9. 6. To observe and accept the following restrictions and
obligations:
(a) Not to be concerned in the filing of any Patents or in the registration of
any trade marks in any way resembling or colorably similar to the Trade
Marks, Patents and Patent Applications in connection with the use of the
System.
(b) To use the Trade Marks, Patent and Patent Applications
exclusively in connection with the use of the System and to apply the
Trade Marks, Patent and Patent Applications in the manner approved by
the Licensor to all such goods and materials without exception.

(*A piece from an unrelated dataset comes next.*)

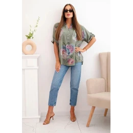 Přidání recenze k Dámská bavlněná halenka s květinovým vzorem khaki

(c) Not without the prior written consent of the Licensor, to apply
to the System or any component thereof, any marks other than the
Trade Marks, Patents and Patent Applications as described herein and
neither to alter nor deface the Trade Marks, Patents and Patent
Applications in any manner whatsoever.
(d) Not to use in connection with the sale of the System any Trade
Marks, Patent or Patent Applications which in any way resembles the
actual Trade Marks, Patent and Patent Applications applied to the System or
its packaging or presentation for sale.
(e) If reasonably requested by the Licensor at Licensor's expense,
from time to time, to include in its advertisements, both print. and media,
and on the goods and materials or the labels or containers used in
connection with the sale of the system, a notice to the effect. that the
Trade Marks, Patent and Patent Applications and each of them are the
Trade Marks, Patent and Patent. Applications of, or otherwise controlled
by, the Licensor or its successors in title.
9.7. To Warrant that:
(a) To the best of the knowledge, information and belief
of the Licensee, the use of the Trade Marks, Patents and Patent
Applications in connection with the System to be marketed by the
Licensee in the Territory will not infringe the right of any third party
and the Licensee has the power to enter into this Agreement without
infringing upon any existing laws or agreements.

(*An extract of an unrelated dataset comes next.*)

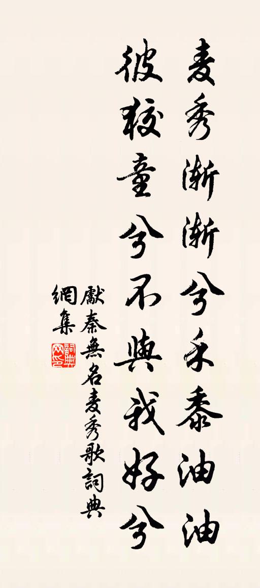 詩詞名句歷史字典書法欣賞書法字典國語詞典說文解字康熙字典古漢語字典標 題 作 者 詩 句 麥秀歌作者:先秦無名 朝代:先秦麥秀歌原文麥秀漸漸兮禾黍油油。彼狡童兮不與我好兮。詩詞問答問:麥秀歌的作者是誰?答:先秦無名問:麥秀歌寫於哪個朝代?答:先秦問:麥秀歌是什麼體裁?答:樂府先秦無名麥秀歌書法欣賞麥秀歌書法作品詩詞推薦病小減復作陸游〔宋代〕衛養元無術,衰殘只自悲。扶行十步地,強坐一炊時。枕籍漆園語,呻吟栗里詩。災年未易過,那敢望期頤。送侍讀常尚書絕句六首劉克莊〔宋代〕先帝倦勤揚末命,嗣皇訪落記孤忠。銅人嘿嘿輸伊輩,鐵漢堂堂止此翁。江樓作張喬〔唐代〕憑檻見天涯,非秋亦可悲。晚天帆去疾,春雪燕來遲。山水分鄉縣,干戈足別離。南人廢耕織,早晚罷王師。和顏長官百詠空門朱繼芳〔宋代〕閉口桐魚勿復論,數間老屋枕雲根。曉鍾三板出山去,分付獼猴為守門。筍鞭徐夤〔唐代〕筇竹岩邊剔翠苔,錦江波冷洗瓊瑰。累累節轉蒼龍骨,寸寸珠聯巨蚌胎。須向廣場驅駔駿,莫從閒處撻駑駘。寧同幽居書事陸游〔宋代〕安命知天更不疑,幽居最愛早寒時。手中書墮初酣枕,窗下燈殘正劇棋。鮮鯽每從溪女買,香菰時就釣船炊。山陰石瀦李群玉〔唐代〕古岸陶為器,高林盡一焚。焰紅湘浦口,煙濁洞庭雲。迥野煤飛亂,遙空爆響聞。地形穿鑿勢,恐到祝融墳。踏莎行陳師道〔宋代〕紅上花梢,風傳梅信。青春欲動群芳競。林聲鳥語帶餘寒,江光野色開游徑。乍雨還晴,喧寒不定。重門深院簾帷同周湛二上人游西湖之北山天竺晚歸得十絕釋紹嵩〔宋代〕好是春風湖上亭,軒空小憩俗塵清。湖山有意留儂款,楊柳飛花亂晚晴。挽提乾趙君陳棣〔宋代〕識君童稚過成人,旋見從師學日新。一舉文場收雋譽,十年仕路固清貧。豪添徐邈中賢興,瘦減相如病渴身。如善菩薩蠻(題醉道人圖)劉辰翁〔宋代〕八仙名姓當時少。污尊牛飲同傾倒。惟有我公榮。旁人笑獨醒。多年村落走。泥飲無升斗。入了玉門關。人生一醉相和歌辭大堤曲楊巨源〔唐代〕二八嬋娟大堤女,開爐相對依江渚。待客登樓向水看,邀郎卷幔臨花語。細雨濛濛濕芰荷,巴東商侶掛帆多。自傳生查子高觀國〔宋代〕芙蓉羞粉香,倚竹窺煙霽。眼帶楚波寒,骨艷春風醉。誰傳側帽情,想解遺鞭意。紅葉可憐秋,不寄相思字。和趙振文太社郵筒遠寄曹彥約〔宋代〕天與容台掾,田園早得歸。杯中寧有影,海上息忘機。世路閒身好,人生靜者稀。更於蘐草處,靜看老萊衣。梅花七律張道洽〔宋代〕高標勝韻點人寒,殘雪疎籬是水南。天上玉妃居第一,人閒石友結成三。廣平心事今猶在,和靖家風晚最諳。莫訝和南塘嘲謔衛宗武〔宋代〕理存成壞與虧全,人事悲懽莫不然。梅帳道人新活計,柳枝妓舊因緣。斷弦謾說鸞膠續,剜肉難將獺髓填。更遣青送胡平一赴召六絕曾豐〔宋代〕詔歸台閣侍從容,名節相高氣自雄。攘臂何愁難倒海,抬頭不畏有頹嵩。題修廣房曾鞏〔宋代〕世情袞袞利名間,子有高情獨閉關。萬事長年拋似夢,一堂終日靜于山。幽花得地無妍醜,好鳥窺人自往還。藥錄憶天台之游陳宓〔宋代〕小酌一杯金鑿落,共聽終席玉潺湲。何時築室屏山側,靜與秋蟾作伴眠。定風波 紅梅蘇軾〔宋代〕好睡慵開莫厭遲。自憐冰臉不時宜。偶作小紅桃杏色,閒雅,尚餘孤瘦雪霜姿。休把閒心隨物態,何事,酒生微暈名句推薦自是人生長恨水長東。李煜《相見歡·林花謝了春紅》 新歡不抵舊愁多,倒添了、新愁歸去范成大《鵲橋仙·七夕》 不信比來長下淚,開箱驗取石榴裙。武則天《如意娘》 石壕村里夫妻別,淚比長生殿上多。袁枚《馬嵬》 一夕輕雷落萬絲,霽光浮瓦碧參差。秦觀《春日》 風光人不覺,已著後園梅。史青《應詔賦得除夜》 福善之門莫美於和睦,患咎之首莫大於內離。班固《漢書·傳·宣元六王傳》 青山如黛遠村東,嫩綠長溪柳絮風。高珩《春日雜詠》 等閒識得東風面,萬紫千紅總是春。朱熹《春日》 絲絲楊柳絲絲雨。春在溟濛處。蔣捷《虞美人·梳樓》

(b) All information furnished by the Licensee to the Licensor in
connection with this Agreement was and remains true, accurate and complete
in all material respects and there is no other fact or circumstance known
to the Licensee relating to this Agreement or its affairs which has not.
been disclosed to the Licensor, the omission of which would make any of
such information misleading.
10. INFRINGEMENT OF TRADE MARKS PATENTS AND PATENT APPLICATIONS.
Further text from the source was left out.